Member of Parliament for Baghdad
- Incumbent
- Assumed office 1 July 2014

Secretary-General of the People's Party for Reform
- Incumbent
- Assumed office January 2011

Personal details
- Born: 2 July 1963 (age 63) Najaf, Iraq
- Party: People's Party for Reform
- Other political affiliations: Civilized Alliance (Tamadon)
- Alma mater: University of Baghdad (LL.B.)
- Occupation: Politician and lawyer

= Faiq Al Sheikh Ali =

Iraqi politician (born 1963)

Faiq Al Sheikh Ali (فائق الشيخ علي; born 2 July 1963) is an Iraqi lawyer and politician who served as a Member of the Council of Representatives of Iraq From 2014 and is the Secretary-General of the People's Party for Reform. In parliament, he was a member of the Judiciary (Legal) Committee. He led the Civilized Alliance for the 2018 Iraqi parliamentary election. He boycotted the 2021 Iraqi parliamentary election after the suspension of his immunity by the Iraqi Parliament in 2019.

==Early life and education==
Born in the city of Najaf, south of Baghdad. He hails from an Azerbaijani family from Morand, Iran. His father was Da'boul, the grandson of religious cleric, Shaykh Ali al-Morandi who migrated to Najaf in 1986-1987 (AH 1314). He graduated high school from Al-Najaf High School (Arabic: إعدادية النجف) in 1983 and earned his bachelor's degree in law from the University of Baghdad, College of Law and Political Sciences in 1987. He then became a lawyer in 1989 and has been a politician since then.

==Political career==
Sheikh Ali took part in the 1991 uprisings in Iraq and was forced to flee Iraq to Saudi Arabia in 1991. In 1993, he settled in the United Kingdom, where he took part in most meetings and conferences of the Iraqi opposition, the last being the London conference in December 2002. He was an Independent politician in exile, also working as a journalist since 1993 writing hundreds of articles against Saddam Hussein mainly in the Al-Hayat Newspaper and denouncing the Iraqi government's record of human rights violations. He received several death threats by Saddam personally since he did not stop criticising the regime.
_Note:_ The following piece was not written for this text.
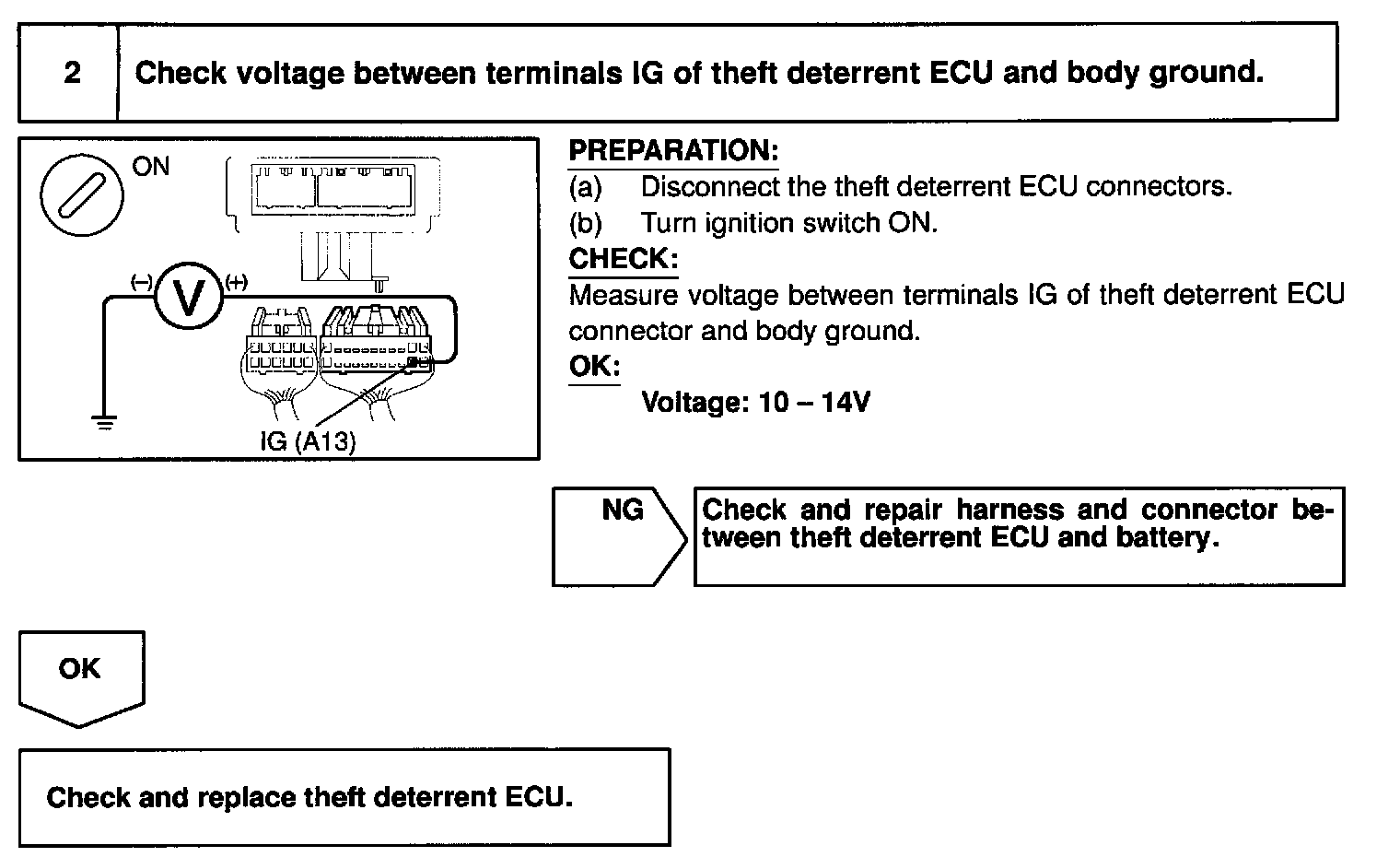 CIRCUIT DESCRIPTIONWhen the ignition switch is turned to the ON position, battery positive voltage is applied to the terminals IG of the ECU. When the battery positive voltage is applied to the terminal IG of the ECU while the theft deterrent system is activated, the warning stops. Furthermore, power supplied from the terminals IG of the ECU is used as power for the door courtesy switch, and position switch, etc.

In a February 2002 letter to Iraqi President Saddam Hussein, the World Association of Newspapers and News Publishers (WAN) and the World Editors Forum expressed their serious concern at the continuing intimidation of Faiq Al Sheikh Ali. They urged Saddam to immediately end his government's systematic suppression of dissenting voices and to fully respect international standards of freedom of expression.

===Exile===
In mid-January 2002, a convoy of black Mercedes cars and Land Rovers suddenly drew up outside his father's home in Najaf at 7 am. Gunmen, some in black masks, jumped out holding Kalashnikovs and pistols and entered the house. His two sisters, were brought with their four children from their houses. Two Iraqi TV crews with cameras were present and his mother, two of his sisters, and a younger brother were then forced to sit together to denounce their brother Faiq, on Iraq's satellite television in a 25-minute interview. Whenever the interviewer was dissatisfied with their replies they were forced to repeat their words. The whole process took five hours.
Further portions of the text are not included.